REQUIRED ACTION. For the entries that follow, retype exactly the lines from the one containing "ガーリーな着こなしにピッタリです。 ・・・・・・・・・・・・・・・・・・・・・・ ・透け感:ややあり" to the one containing "27 October 2025;", inclusive, and only those. Images stay out of the copy.

DATA EXCERPTS.

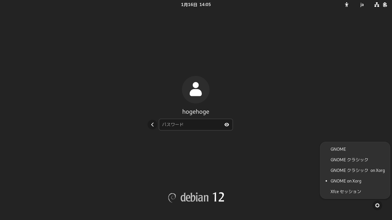 「VirtualBox」上にインストールしている場合は、ユーザをクリックして、歯車「」アイコンをクリックして「GNOME on Xorg」を選択します。
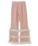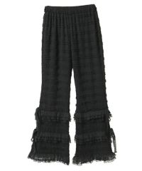 シアー感のあるフリルレース素材を使用したフレアパンツ。 脚のラインが出にくい程よくゆとりを持たせたフレアシルエットで脚長効果も◎ レースとリボンを施し、フェミニンな印象に仕上げました。 ストレッチの効いたレース素材なので、着心地が良く、ストレスフリーでご着用いただけます。 裏地付きでインナーが透けにくい&ウエスト部分はオールゴム仕様でリラクシーな履き心地。 ワンピースやスカートの下に重ねたレイヤードスタイルもオススメ。 ガーリーな着こなしにピッタリです。 ・・・・・・・・・・・・・・・・・・・・・・ ・透け感:ややあり ・伸縮性:あり ・生地の厚さ:薄い ・裏地:あり(ショート丈) ・・・・・・・・・・・・・・・・・・・・・・
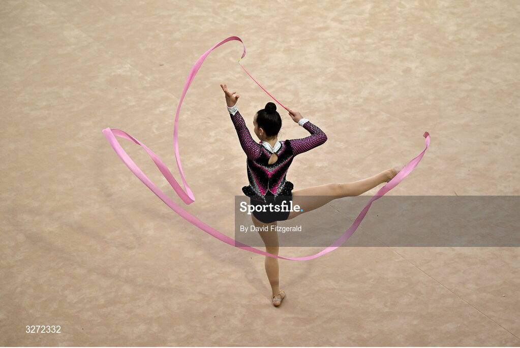 27 October 2025; Nina Caren of Excel GC competes in the Rhythmic gymnastics event during a Gymnastics Ireland Next Gen Competition at the National Indoor Arena on the Sport Ireland Campus in Dublin. Photo by David Fitzgerald/Sportsfile
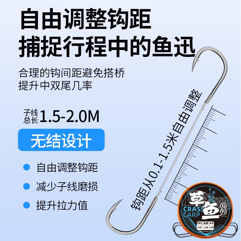 草鱼子线双钩成品鱼钩绑好鲢鳙翘嘴大物专用加长子线行程加长鱼钩
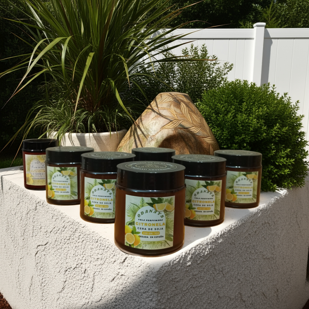 ✔ Una vela de soja que ofrece protección natural frente a los mosquitos.
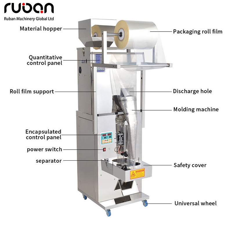 Данное оборудование представляет собой универсальную автоматическую машину для упаковки гранулированных материалов, специально разработанную для упаковки в небольшие пакеты таких материалов, как чай, фармацевтические капсулы, детали оборудования и пищевые гранулы. Она объединяет основные функции, включая автоматическое изготовление пакетов, точное дозирование, запайку и резку, отличается простотой в эксплуатации и регулируемыми параметрами, и подходит для нужд упаковки в пищевой, фармацевтической, машиностроительной и других отраслях промышленности.
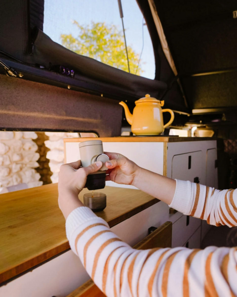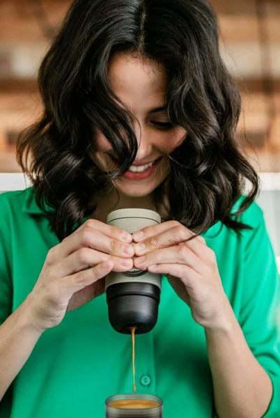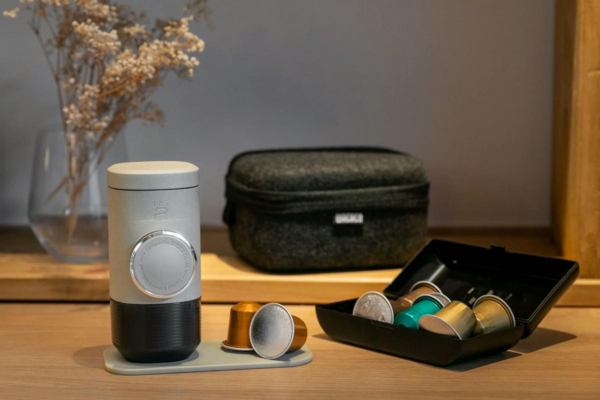 Ультракомпактная ручная кофеварка, работающая с капсулами Nespresso. Имея всего 13 см в длину, нагнетает давление до 18 бар. Помогает приготовить отборный эспрессо, где бы вы ни были: в горном походе, офисе или вагоне. Не требует питания от электросети и батареек - действует с помощью ручного пресса. Легко помещается в рюкзак, бардачок авто, сумку велосипеда.

RESPONSE TO THE EXERCISE.
 シアー感のあるフリルレース素材を使用したフレアパンツ。 脚のラインが出にくい程よくゆとりを持たせたフレアシルエットで脚長効果も◎ レースとリボンを施し、フェミニンな印象に仕上げました。 ストレッチの効いたレース素材なので、着心地が良く、ストレスフリーでご着用いただけます。 裏地付きでインナーが透けにくい&ウエスト部分はオールゴム仕様でリラクシーな履き心地。 ワンピースやスカートの下に重ねたレイヤードスタイルもオススメ。 ガーリーな着こなしにピッタリです。 ・・・・・・・・・・・・・・・・・・・・・・ ・透け感:ややあり ・伸縮性:あり ・生地の厚さ:薄い ・裏地:あり(ショート丈) ・・・・・・・・・・・・・・・・・・・・・・
 27 October 2025; Nina Caren of Excel GC competes in the Rhythmic gymnastics event during a Gymnastics Ireland Next Gen Competition at the National Indoor Arena on the Sport Ireland Campus in Dublin. Photo by David Fitzgerald/Sportsfile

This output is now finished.